2x^3 + x^2 - 5= 0

Question

2x^3 + x^2 - 5= 0

x=?

What is the process I must do in order to get the answer?

Answer 1

See your previous post

Answer 2

first guess

Answer 3

Hey Fred, read previous answers before posting again.

Answer 4

To find the value of x that satisfies the equation 2x^3 + x^2 - 5 = 0, you can use the method called factoring or applying the rational root theorem. Let's go through the process step by step:

1. Start by rearranging the equation to bring all terms to one side, setting it equal to zero:
2x^3 + x^2 - 5 = 0

2. Try factoring out the equation. In this case, factoring directly may not be very straightforward, so we can use the rational root theorem to find potential rational solutions.

3. The rational root theorem states that if a rational number p/q is a root of the polynomial equation, then p is a factor of the constant term (-5 in this case), and q is a factor of the leading coefficient (2 in this case).
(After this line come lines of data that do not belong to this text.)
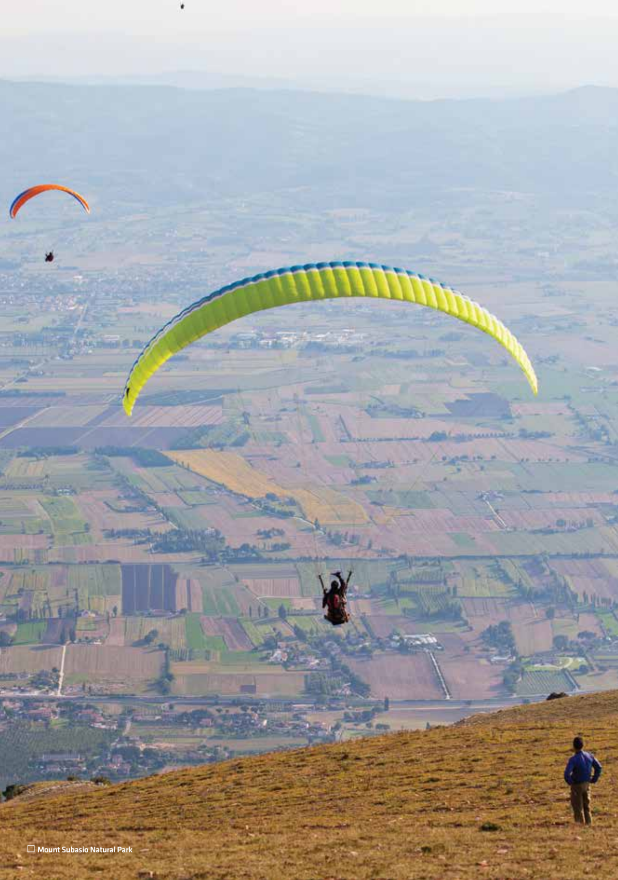
□ Mount Subasio Natural Park
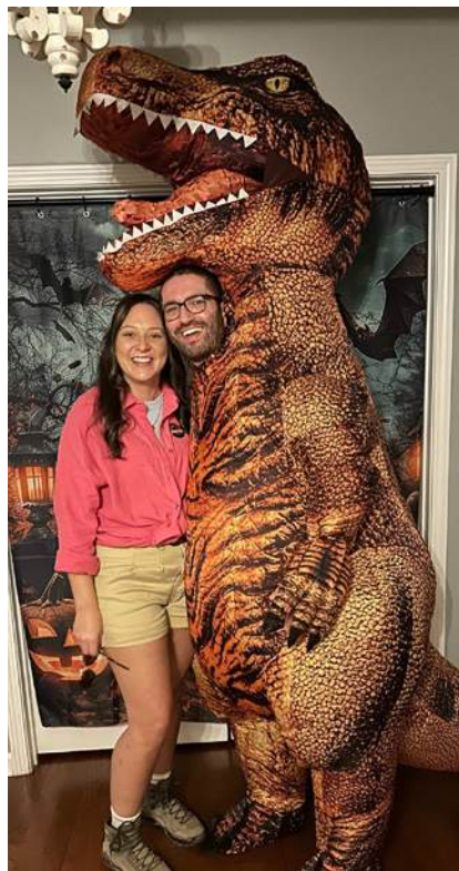
Dressed up as Jurassic Park for Halloween

We look at life as a team sport, always working together and supporting one another. We can't wait to add a little one to the team.
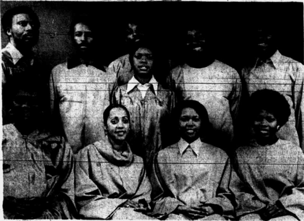
EBONY GROUP AND COMPANY Charlotte area representatives
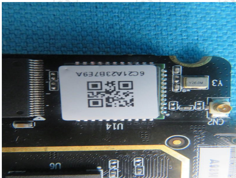
View of Product-7

4. Find all the potential rational roots of the equation by forming fractions using combinations of factors of the constant term and the leading coefficient. In this case, the constant term (-5) factors to 1 and 5, while the leading coefficient (2) factors to 1 and 2:
Possible values for x: ±1/1, ±5/1, ±1/2, ±5/2

5. Substitute each potential rational root into the equation and check if it satisfies it. The ones that make the equation true are valid solutions.

6. Continue evaluating the potential roots until you find the roots of the equation. Alternatively, you may use methods such as long division or synthetic division to divide the polynomial equation by the factor (x - root), which will reduce the degree of the equation and allow you to solve it further.

Keep in mind that solving cubic equations can sometimes be challenging because it may not always have rational roots, and other methods like using the cubic formula or numerical approximation might be necessary.